Menina de 1 ano morre afogada em piscina sem proteção em São José do Rio Preto
Criança de 1 ano morre afogada em piscina em SP

Uma tragédia familiar abalou o bairro Estância Galileia, em São José do Rio Preto (SP), na manhã desta quinta-feira, 1º de fevereiro. Uma criança de apenas um ano de idade perdeu a vida após se afogar na piscina da residência onde passava a virada do ano com a mãe.

Como o acidente aconteceu

De acordo com o boletim de ocorrência, a mãe da menina, de 19 anos, acordou por volta das 7 horas da manhã e percebeu que a filha não estava mais na cama. A criança dormia no mesmo quarto que a mãe e os irmãos. Relatos indicam que a pequena havia acordado por volta das 5h, chamado pela mãe e depois voltado a dormir.

Quando a jovem mãe despertou novamente, duas horas depois, notou o desaparecimento da filha. Iniciou uma busca imediata pela casa, que terminou com a descoberta do pior cenário: a menina estava dentro da piscina.

Corrida contra o tempo e ausência de proteção

Ao encontrar a criança, a mãe pediu socorro desesperadamente. A proprietária do imóvel, que também estava no local, assumiu a condução do caso e levou a menina diretamente para a Unidade de Pronto Atendimento (UPA) mais próxima. No entanto, os esforços foram em vão. A criança chegou à unidade de saúde sem vida.

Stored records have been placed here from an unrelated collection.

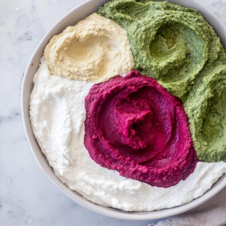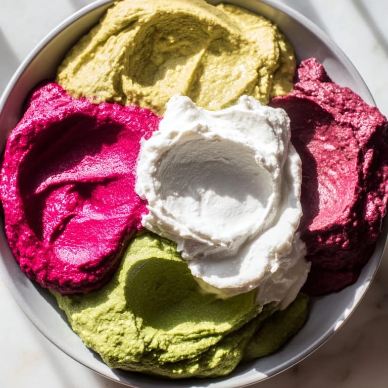 Pin this I discovered the magic of marbled dips entirely by accident at a gallery opening, watching a caterer swirl different colored hummus on a platter like it was abstract art. The way the colors bled into each other, the colors catching the light, completely stopped me. I went home thinking about it for days, sketching patterns on paper before I finally tried it myself, and suddenly my parties had a centerpiece that looked far more impressive than the thirty minutes it actually took.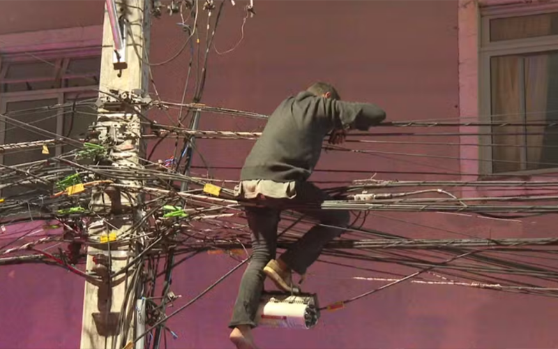 Homem fica preso em fiação durante tentativa de furto em Curitiba — Foto: Tony Mattoso/RPC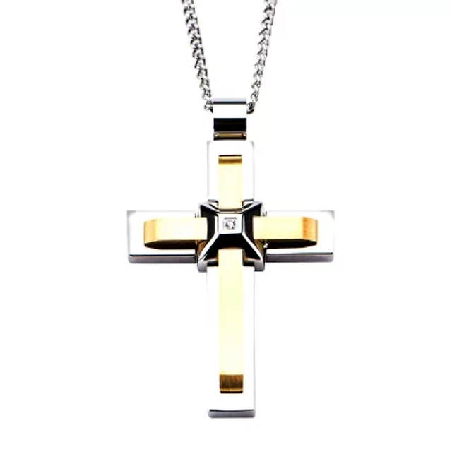 Mens Diamond Accent Natural Diamond Stainless Steel Cross 24 Inch Pendant Necklace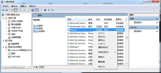 具体方法:右击“计算机”→“管理”→“服务与应用程序”→“服务”,在服务窗口中找到“mysql”服务,右击它,启动或停止。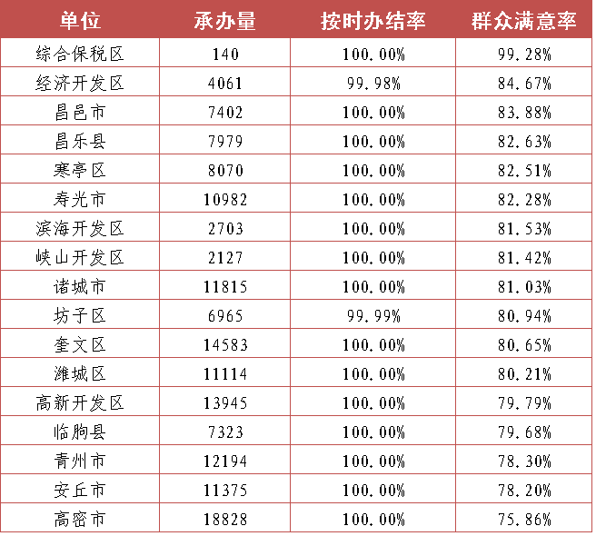 高密市办理量最多,共18828件;其次是奎文区,共14583件;综合保税区办理量最少,共140件。从办理情况看,综合保税区、经济开发区、昌邑市分别以办理满意率99.28%、84.67%、83.88%居前三位。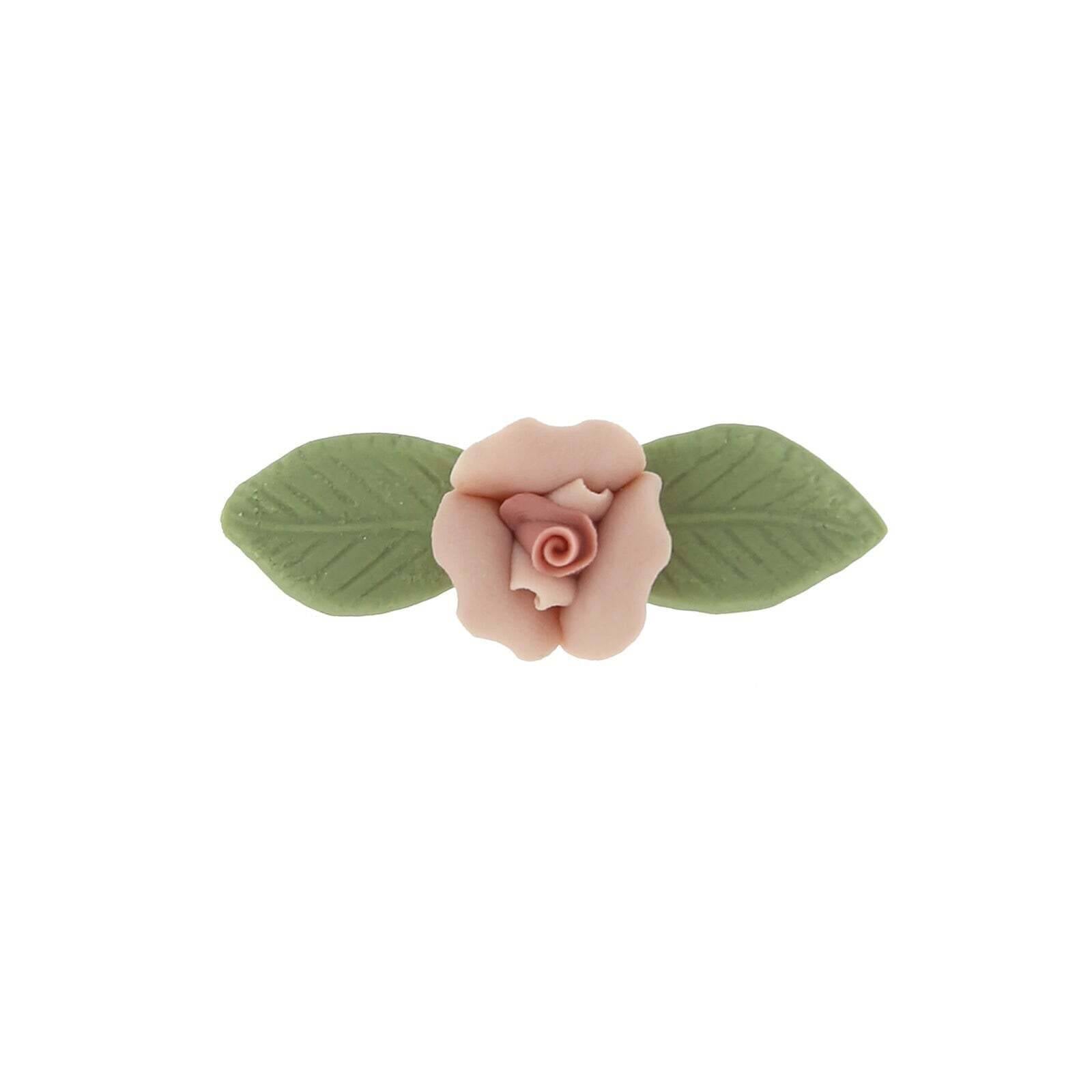 1928 Jewelry Genuine Pink Porcelain Rose & Green Leaf Bar Pin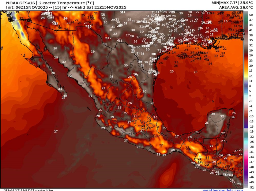 Durante la tarde, se pronostican temperaturas frescas de 10 a 15°C en el extremo norte de Baja California. En contraste, en el resto del noroeste, norte, noreste, oriente, occidente y sureste, los valores oscilarán entre 29 y 35°C.

Em seu depoimento à polícia, a dona da casa forneceu uma informação crucial sobre as condições do local do acidente. Ela confirmou que a piscina da residência é de grande porte e, de forma alarmante, não possuía qualquer tipo de proteção, como tela ou cerca, estando a área totalmente aberta e de fácil acesso.

Investigação e registro do caso

O caso foi registrado na delegacia como morte suspeita. A decisão foi baseada em vários fatores levantados durante os primeiros levantamentos:

  • O depoimento da mãe, de 19 anos.
  • O relato da testemunha, que é a proprietária do imóvel.
  • A ausência de câmeras de segurança na propriedade que pudessem gravar ou esclarecer os momentos que antecederam a tragédia.

A polícia segue com as investigações para apurar com exatidão todas as circunstâncias que levaram ao afogamento fatal da criança de um ano. A tragédia serve como um triste e urgente alerta sobre os perigos que piscinas desprotegidas representam para crianças pequenas, especialmente em ambientes domésticos.